What to produce: Leave out the pictures and retype, exactly, the lines below from the line with "(서울=포커스뉴스) 28일 서울" up to and including the line with "- DESIGN FEATURES: Stylish", nothing more.

Source data:
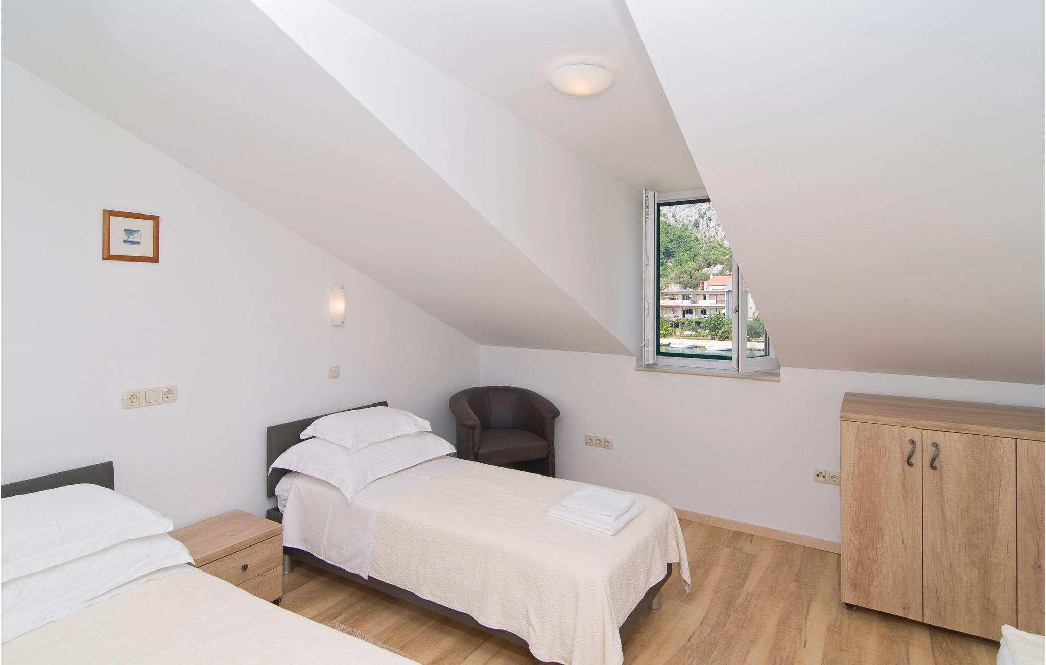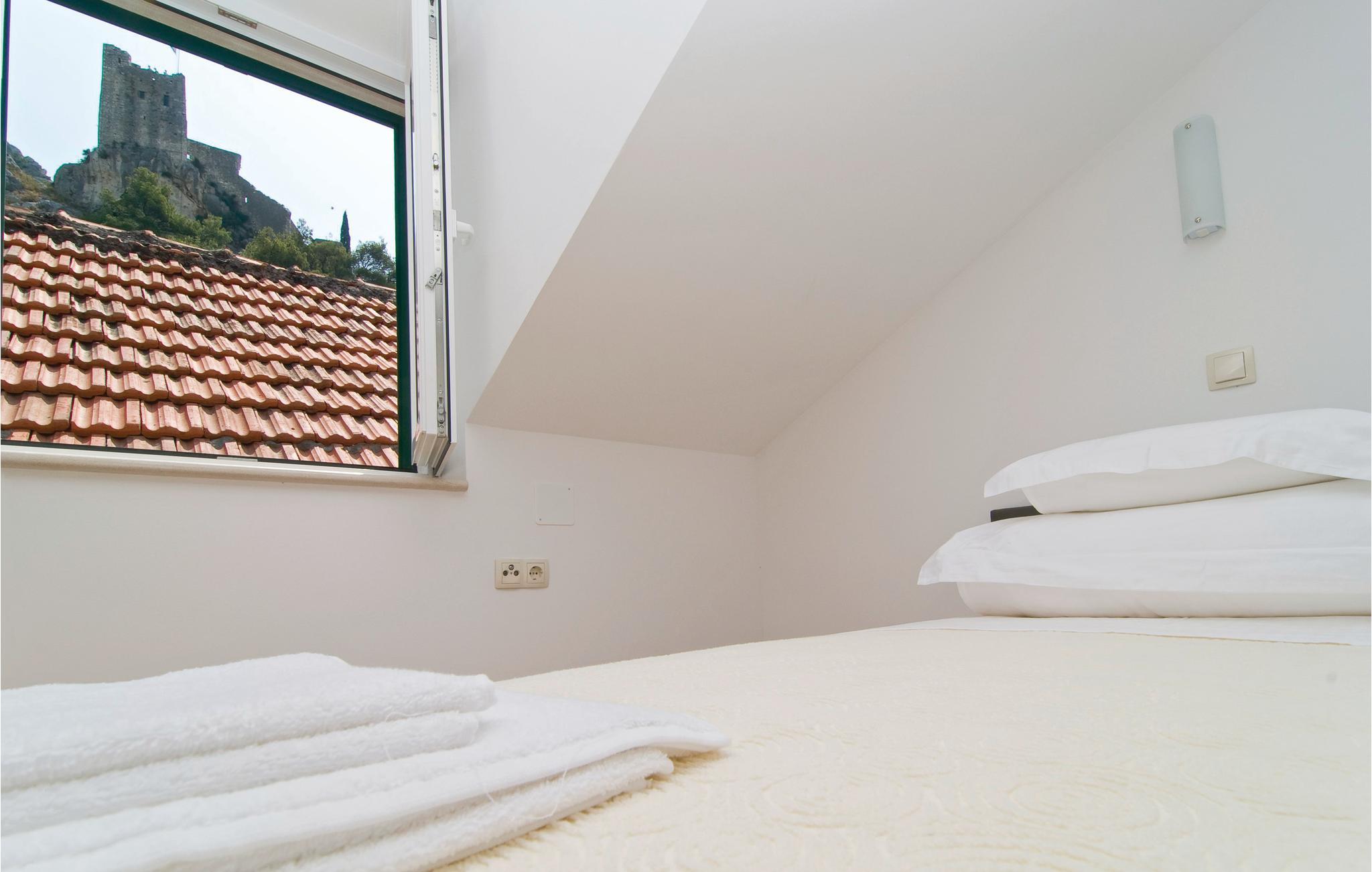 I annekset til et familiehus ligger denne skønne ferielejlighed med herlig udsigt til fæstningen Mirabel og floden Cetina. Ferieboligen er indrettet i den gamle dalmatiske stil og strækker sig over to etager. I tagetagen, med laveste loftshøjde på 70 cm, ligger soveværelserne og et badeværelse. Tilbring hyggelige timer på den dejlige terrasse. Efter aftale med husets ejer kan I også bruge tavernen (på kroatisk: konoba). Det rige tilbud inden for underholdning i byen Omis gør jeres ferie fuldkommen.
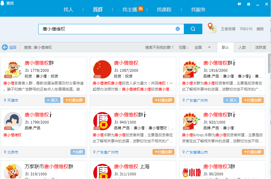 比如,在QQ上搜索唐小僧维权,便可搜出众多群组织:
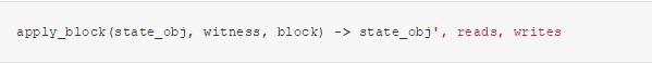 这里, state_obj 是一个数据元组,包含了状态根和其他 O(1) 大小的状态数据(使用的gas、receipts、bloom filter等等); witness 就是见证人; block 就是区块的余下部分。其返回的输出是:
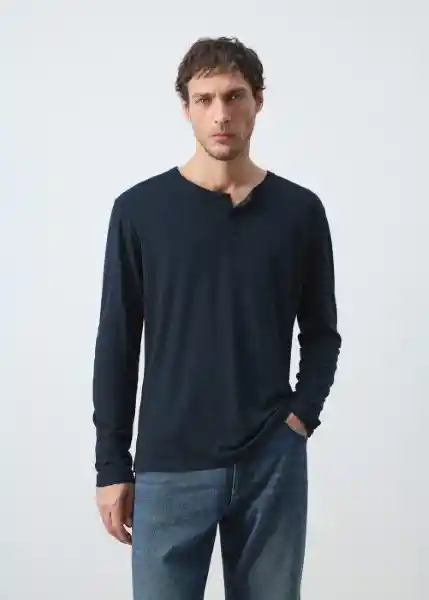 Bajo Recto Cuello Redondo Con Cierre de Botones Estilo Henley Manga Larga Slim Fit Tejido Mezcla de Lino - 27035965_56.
---
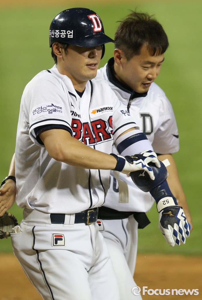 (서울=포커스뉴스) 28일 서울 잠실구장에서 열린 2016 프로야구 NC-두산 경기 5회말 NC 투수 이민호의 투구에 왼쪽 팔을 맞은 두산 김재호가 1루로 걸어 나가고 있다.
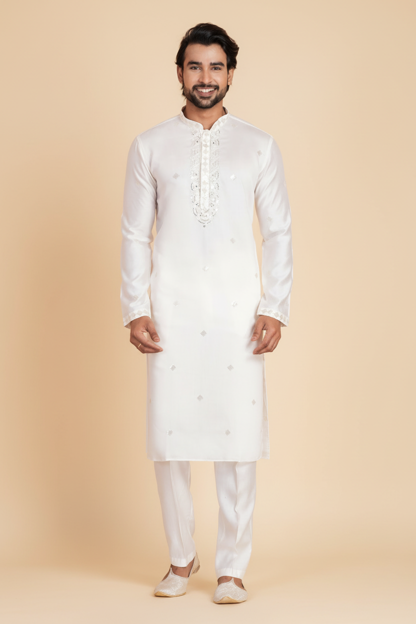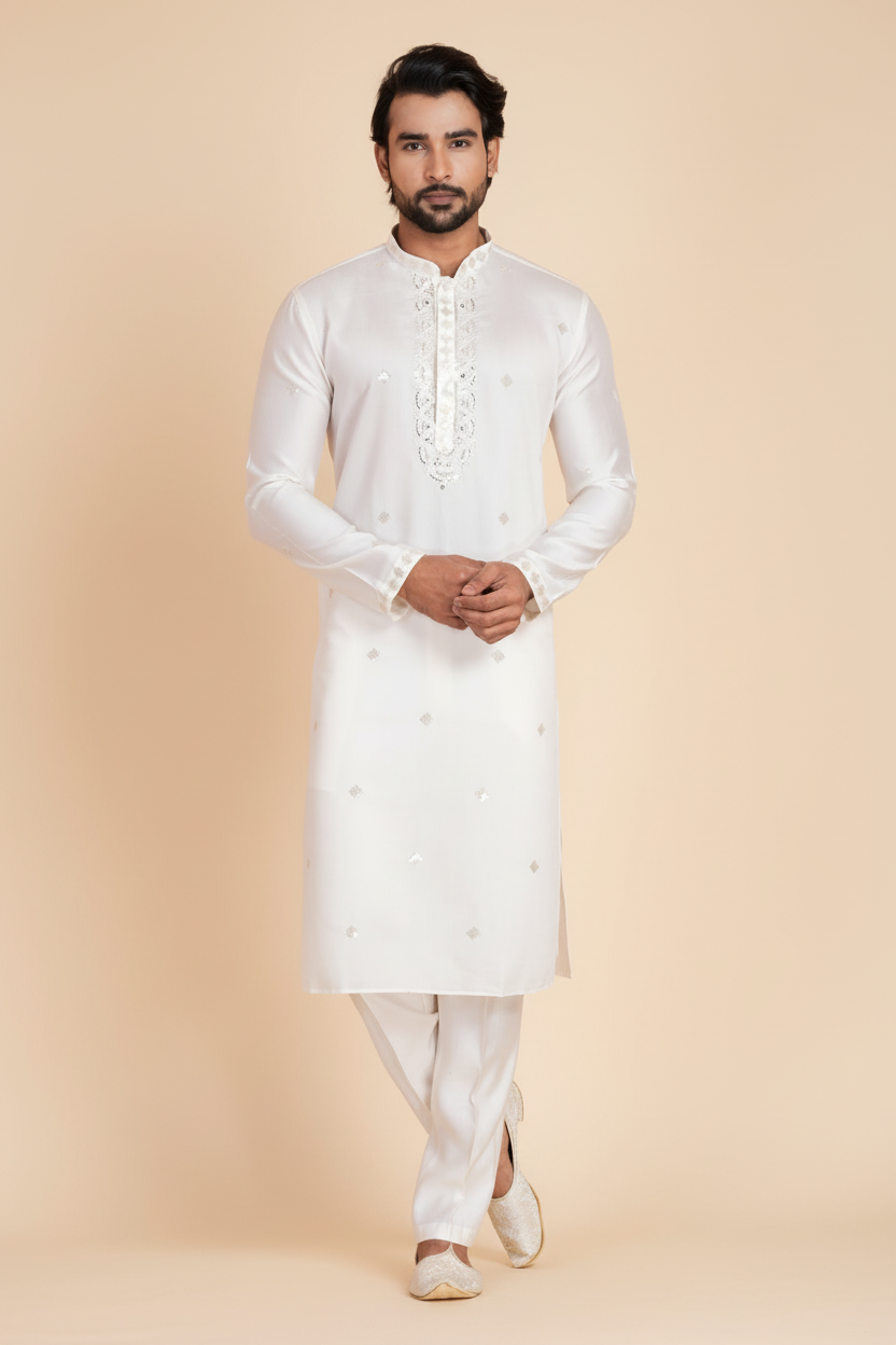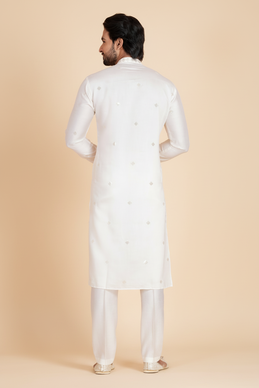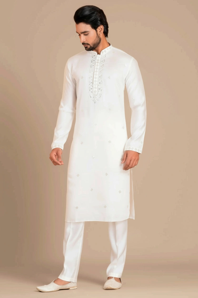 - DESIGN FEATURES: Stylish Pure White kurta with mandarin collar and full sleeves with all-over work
--
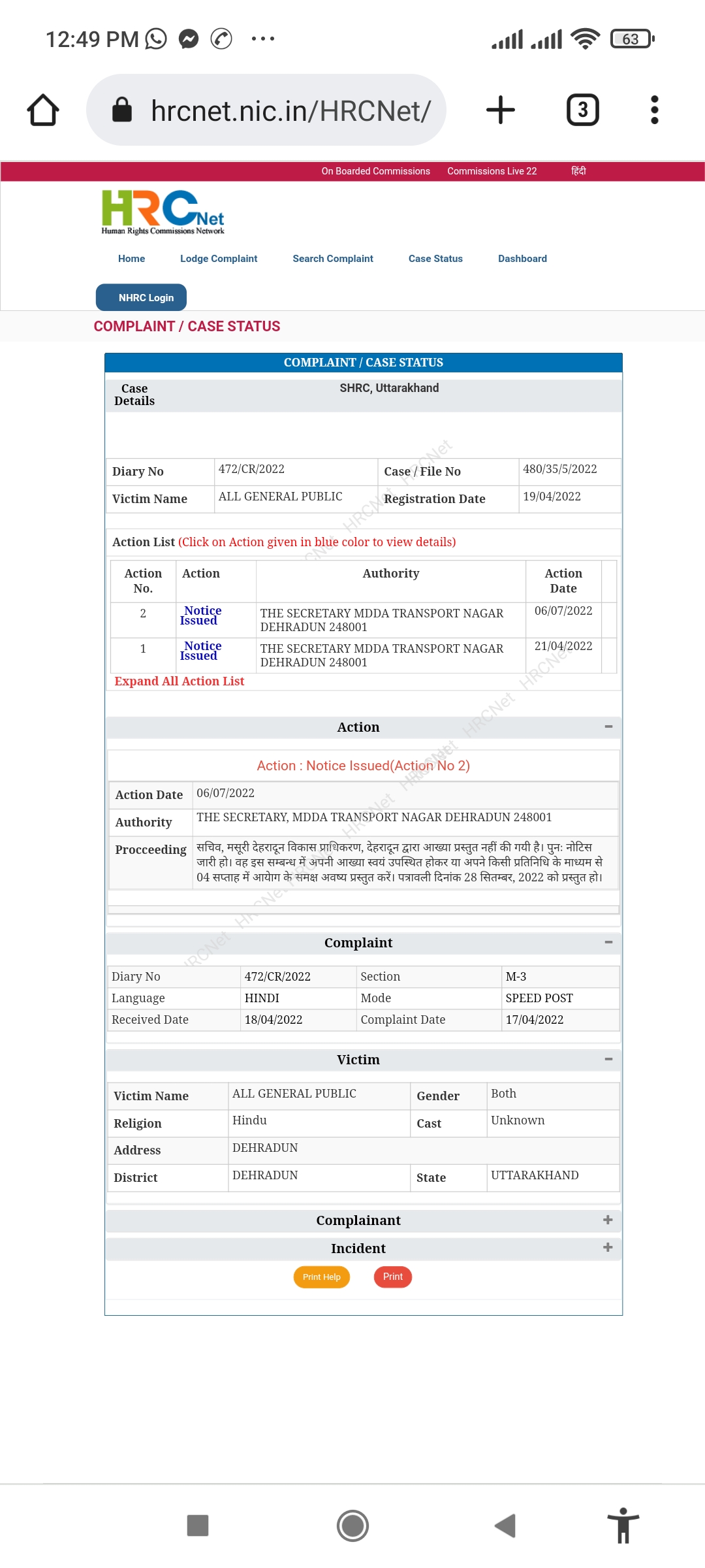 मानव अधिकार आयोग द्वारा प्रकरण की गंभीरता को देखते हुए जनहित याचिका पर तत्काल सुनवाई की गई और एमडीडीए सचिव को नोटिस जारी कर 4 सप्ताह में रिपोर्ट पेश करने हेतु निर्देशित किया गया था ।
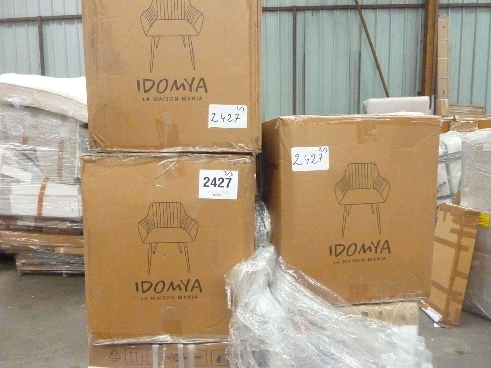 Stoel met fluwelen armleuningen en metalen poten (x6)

Exercise response:
 (서울=포커스뉴스) 28일 서울 잠실구장에서 열린 2016 프로야구 NC-두산 경기 5회말 NC 투수 이민호의 투구에 왼쪽 팔을 맞은 두산 김재호가 1루로 걸어 나가고 있다.
 - DESIGN FEATURES: Stylish Pure White kurta with mandarin collar and full sleeves with all-over work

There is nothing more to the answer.